Your response is a verbatim copy of the listing, stripped of its images.

## DATA SECTION
__________
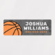 Waterproof basketball property labels featuring a basketball on a rough concrete background in various shades of gray. Customizable name and telephone number on the side. Great for labelling your kid's belongings.
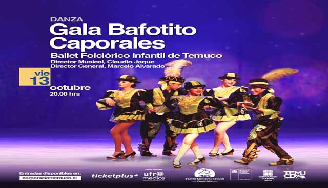 Se trata del estreno especial de «Caporales» con que el Bafotito presenta su gala artística este viernes 13 de octubre a las 20:00 horas en el teatro municipal de Temuco, Camilo Salvo. Espectáculo que mostrará esta danza que llegó a Chile desde Bolivia debido a la inmigración boliviana en el norte del país. De origen afro-boliviano, representa una parte importante de la cultura del norte de Chile y tiene sus raíces en la dolorosa historia de los esclavos negros en América. La figura del «Caporal» era el encargado de supervisar a los esclavos negros en Bolivia durante la época colonial. El baile de los «Caporales» se originó a partir de una representación de este personaje en la danza conocida como Saya. Este baile estilizado no solo rinde tributo a los mulatos que desempeñaban el papel de capataces represores, sino que también sumerge a los espectadores en la historia de los esclavos negros en los valles subtropicales de los Yungas.
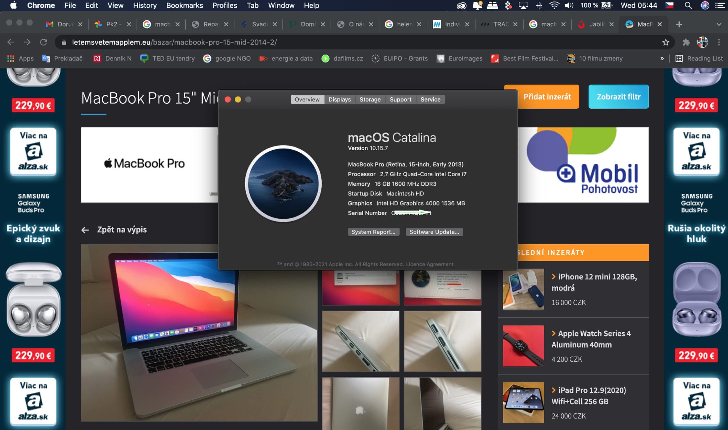 Počítač je v perfektním stavu, drobné oděrky, česká klávesnice. V originálním balení + 2 nabíječky!!! Obsahuje instalaci macOS Catalina 10.15.7. Počítač je 100% funkční + nainstalován balík Adobe CC 2018 (Photoshop, Premiere PRO, atd.) vše dokonale běhá, ideální na střih videa a grafické práce. Podrobné specifikace: MacBook Pro (Retina, 15-inch, Early 2013), Procesor 2,7GHz Quad-Core Intel Core i7, Memory 16GB 1600 MHz DDR3, SSD 512 GB, Intel HD Graphics 4000 1536 MB.
__________
## REPLY
 Waterproof basketball property labels featuring a basketball on a rough concrete background in various shades of gray. Customizable name and telephone number on the side. Great for labelling your kid's belongings.
 Se trata del estreno especial de «Caporales» con que el Bafotito presenta su gala artística este viernes 13 de octubre a las 20:00 horas en el teatro municipal de Temuco, Camilo Salvo. Espectáculo que mostrará esta danza que llegó a Chile desde Bolivia debido a la inmigración boliviana en el norte del país. De origen afro-boliviano, representa una parte importante de la cultura del norte de Chile y tiene sus raíces en la dolorosa historia de los esclavos negros en América. La figura del «Caporal» era el encargado de supervisar a los esclavos negros en Bolivia durante la época colonial. El baile de los «Caporales» se originó a partir de una representación de este personaje en la danza conocida como Saya. Este baile estilizado no solo rinde tributo a los mulatos que desempeñaban el papel de capataces represores, sino que también sumerge a los espectadores en la historia de los esclavos negros en los valles subtropicales de los Yungas.
 Počítač je v perfektním stavu, drobné oděrky, česká klávesnice. V originálním balení + 2 nabíječky!!! Obsahuje instalaci macOS Catalina 10.15.7. Počítač je 100% funkční + nainstalován balík Adobe CC 2018 (Photoshop, Premiere PRO, atd.) vše dokonale běhá, ideální na střih videa a grafické práce. Podrobné specifikace: MacBook Pro (Retina, 15-inch, Early 2013), Procesor 2,7GHz Quad-Core Intel Core i7, Memory 16GB 1600 MHz DDR3, SSD 512 GB, Intel HD Graphics 4000 1536 MB.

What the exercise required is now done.